将值添加到Spark DataFrame列中现有的嵌套json中
使用Spark 2.3.2 我试图使用数据帧中某些列的值,并将它们放入现有的JSON结构中。假设我有这个数据帧:将值添加到Spark DataFrame列中现有的嵌套json中,json,apache-spark,apache-spark-sql,Json,Apache Spark,Apache Spark Sql,使用Spark 2.3.2 我试图使用数据帧中某些列的值,并将它们放入现有的JSON结构中。假设我有这个数据帧: val testDF=Seq((“{”foo:“bar”,“meta:{”app1:{“p:“2”,“o:“100”),“app2:{”p:“5”,“o:“200”}}}}“,“10”,“1337”)).toDF(“key”,“p”,“o”) //用作嵌套json结构的键 val app=“appX” 基本上,我想从这个专栏 { "foo": "b
val testDF=Seq((“{”foo:“bar”,“meta:{”app1:{“p:“2”,“o:“100”),“app2:{”p:“5”,“o:“200”}}}}“,“10”,“1337”)).toDF(“key”,“p”,“o”)
//用作嵌套json结构的键
val app=“appX”
基本上,我想从这个专栏
{
"foo": "bar",
"meta": {
"app1": {
"p": "2",
"o": "100"
},
"app2": {
"p": "5",
"o": "200"
}
}
}
为此:
{
"meta": {
"app1": {
"p": "2",
"o": "100"
},
"app2": {
"p": "5",
"o": "200"
},
"appX": {
"p": "10",
"o": "1337"
}
}
}
基于数据帧的p
和o
列
我试过:
def进程(inputDF:DataFrame,appName:String):DataFrame={
val res=inputDF
.withColumn(appName,to_json(expr(“(p,o)”))
.withColumn(“meta”,结构(get_json_对象('key,$.meta)))
.selectExpr(s“”“结构(meta.*,${appName}作为${appName})作为myStruct“”)

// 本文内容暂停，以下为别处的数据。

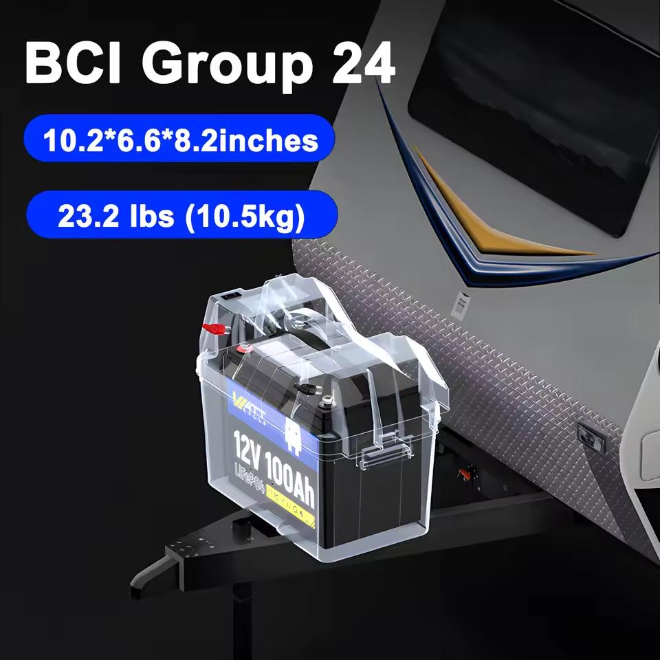 Wattcycle LiFePO4 Battery 12V 100Ah Group 24 Built-in 100A BMS Rechargeable Lithium Iron Phosphate Battery Packs For RV, etc
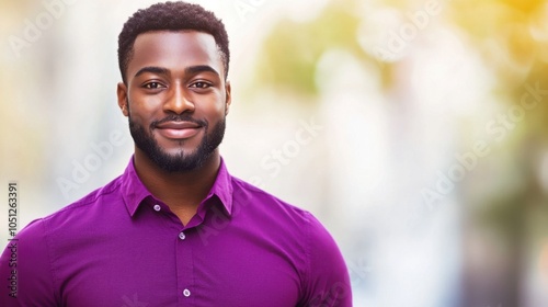 An empowered man with black hair in a vibrant purple shirt stands straight against a white background, ready for a promotional campaign with ample space for text.
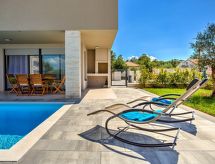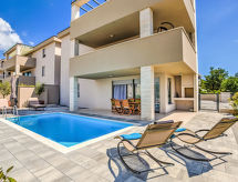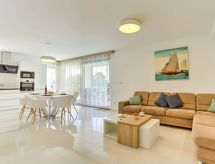 4-rums-lägenhet 122 m2, på bottenvåningen, sydläge. Vackert och modernt inredd: vardags-/matrum 35 m2 med sat-TV (flatscreen TV), luftkonditionering. Utgång till terrassen, till swimmingpoolen. 2 rum, till varje rum hör, 1 fransk säng (180 cm, längd 200 cm), dusch/toalett och sat-TV (flatscreen TV), luftkonditionering. 1 rum med 2 sängar (90 cm, längd 200 cm), luftkonditionering. Öppet kök (ugn, diskmaskin, 4 kokplattor - glaskeramikhäll, mikrovågsugn, frys, elektrisk kaffemaskin). Dusch/toalett. Uppvärmning. Terrass 100 m2 täckt. Terrassmöbler. Till förfogande: tvättmaskin, kassaskåp, hög barnstol, barnsäng, hårtork. Internet (Trådlös LAN [WLAN] , gratis). Parkeringsplats (inhägnad).- Utrustning
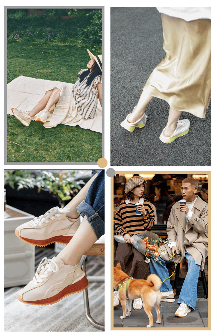 当它遇上厚重的大衣、柔软的毛衣或慵懒的阔腿裤时,既打破了运动鞋的随意,又中和了毛呢的正式,冲突与和谐融合得恰到好处。
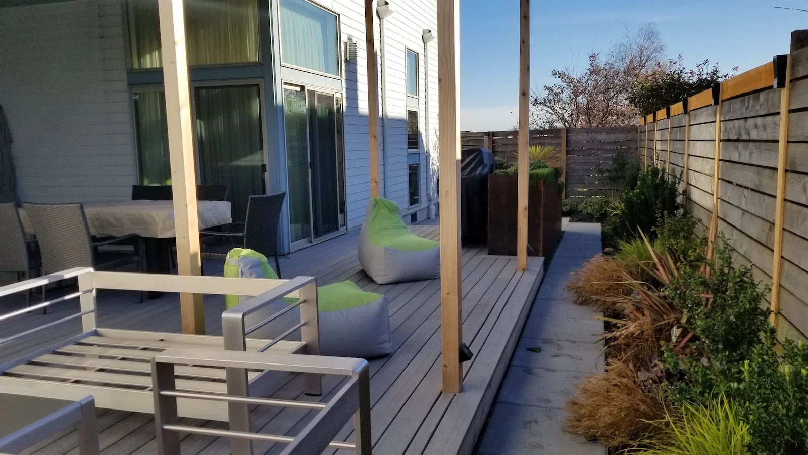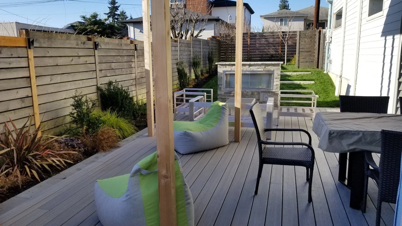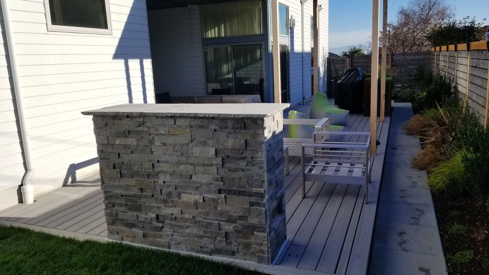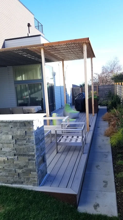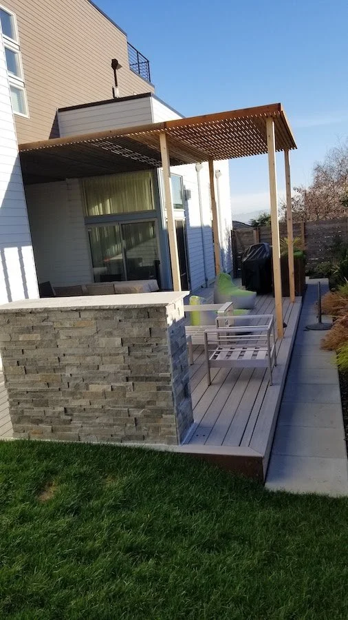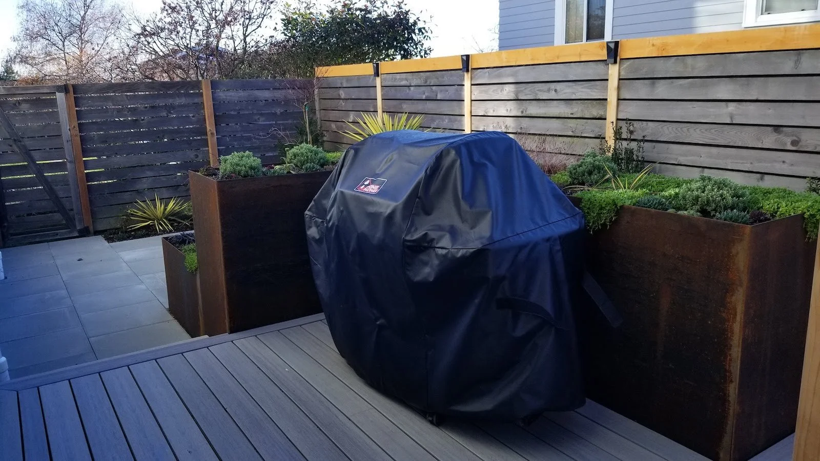 This project showcases a custom gas firepit with stone veneer, providing a cozy gathering spot for outdoor enjoyment. The outdoor covered grilling area ensures year-round usability, while multiple levels of sleek steel planters enhance the landscape’s appeal. Architectural 24”x24” concrete slab paving creates a cohesive and modern aesthetic, making this outdoor space both functional and stylish.
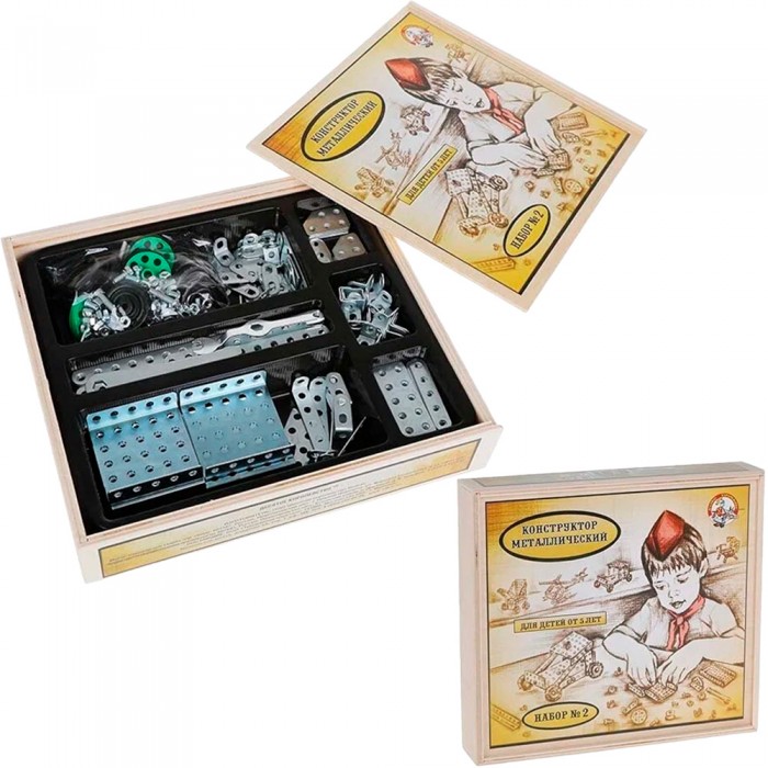 Комплектация: детали конструктора, инструкция, инструменты, шурупы, гайки Материал: металл Размер упаковки: 23*21*4,5 см Возраст: 5+ Функционал: конструирование Упаковка: деревянный ящик Страна обладатель бренда: Россия Конструктор №2 от торговой марки "Десятое королевство" представляет собой классический металлический конструктор. В комплекте есть подробная иллюстрированная инструкция с пошаговыми рекомендациями. Начинать работу над конструктором лучше всего с примеров, описанных в ней. Представленные модели являются только примером, так как конструктор раскрывает перед ребенком неограниченные возможности моделирования и создания своих собственных моделей. Он отлично развивает конструкторское, инженерное мышление. Металлические детали очень удобны в применении. Металлический конструктор сложнее пластикового в техническом плане, тем самым, он имеет больший развивающий потенциал. Конструирование развивает логическое и образное мышление, наблюдательность и самостоятельность, а также моторику рук и ловкос
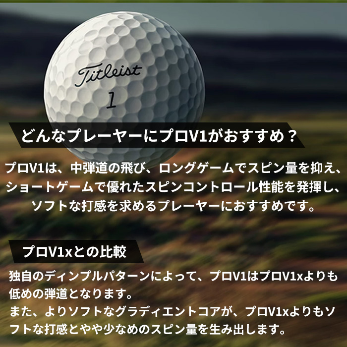 タイトリスト プロV1は、スピード、スピン、打感、最高の組み合わせのゴルフボールです。
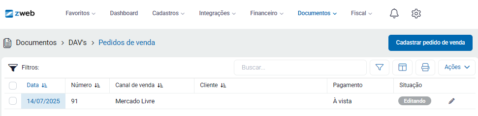 Quando a compra for realizada no marketplace, o pedido aparecerá de forma automática no portal, no Zhub e no Pedido de Venda, dentro do Zweb.
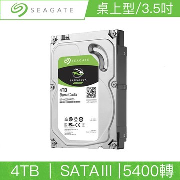 希捷Seagate 新梭魚BarraCuda 4TB 3.5吋 SATAIII 5400轉桌上型硬碟(ST4000DM004)

.select(to_json('myStruct).as(“newMeta”))
res.show(假)
物件
}
val resultDF=进程(testDF,app)
val resultString=resultDF.select(“newMeta”).collectAsList().get(0).getString(0)
treatEscapes(resultString)必须是(“{”meta:{”app1:{”p:“2”,“o:“100”}”,app2:{”p:“5”,“o:“200”},appX:{”p:“10”,“o:“1337”}}”)
但是这个断言不匹配,因为我不能
- 将
的内容放入其他两个应用程序的相同级别appX
- 不知道如何正确处理引号,以及
- 不知道如何将“col1”重命名为“meta”
Expected :"{"[meta":{"app1":{"p":"2","o":"100"},"app2":{"p":"5","o":"200"},"appX":{"p":"10","o":"1337"}}]}"
Actual :"{"[col1":"{"app1":{"p":"2","o":"100"},"app2":{"p":"5","o":"200"}}","appX":"{"p":"10","o":"1337"}"]}"
meta
内容p
,o
列转换为map
数据类型。映射(lit(appX)、结构($“p”和$“o”))map\u concat
函数来压缩数据scala> testDF.show(false)
+---------------------------------------------------------------------------------+---+----+
|key |p |o |
+---------------------------------------------------------------------------------+---+----+
|{"foo": "bar", "meta":{"app1":{"p":"2", "o":"100"}, "app2":{"p":"5", "o":"200"}}}|10 |1337|
+---------------------------------------------------------------------------------+---+----+
创建schema
以将string
转换为json
scala> val schema = new StructType().add("foo",StringType).add("meta",MapType(StringType,new StructType().add("p",StringType).add("o",StringType)))
打印模式
scala> schema.printTreeString
root
|-- foo: string (nullable = true)
|-- meta: map (nullable = true)
| |-- key: string
| |-- value: struct (valueContainsNull = true)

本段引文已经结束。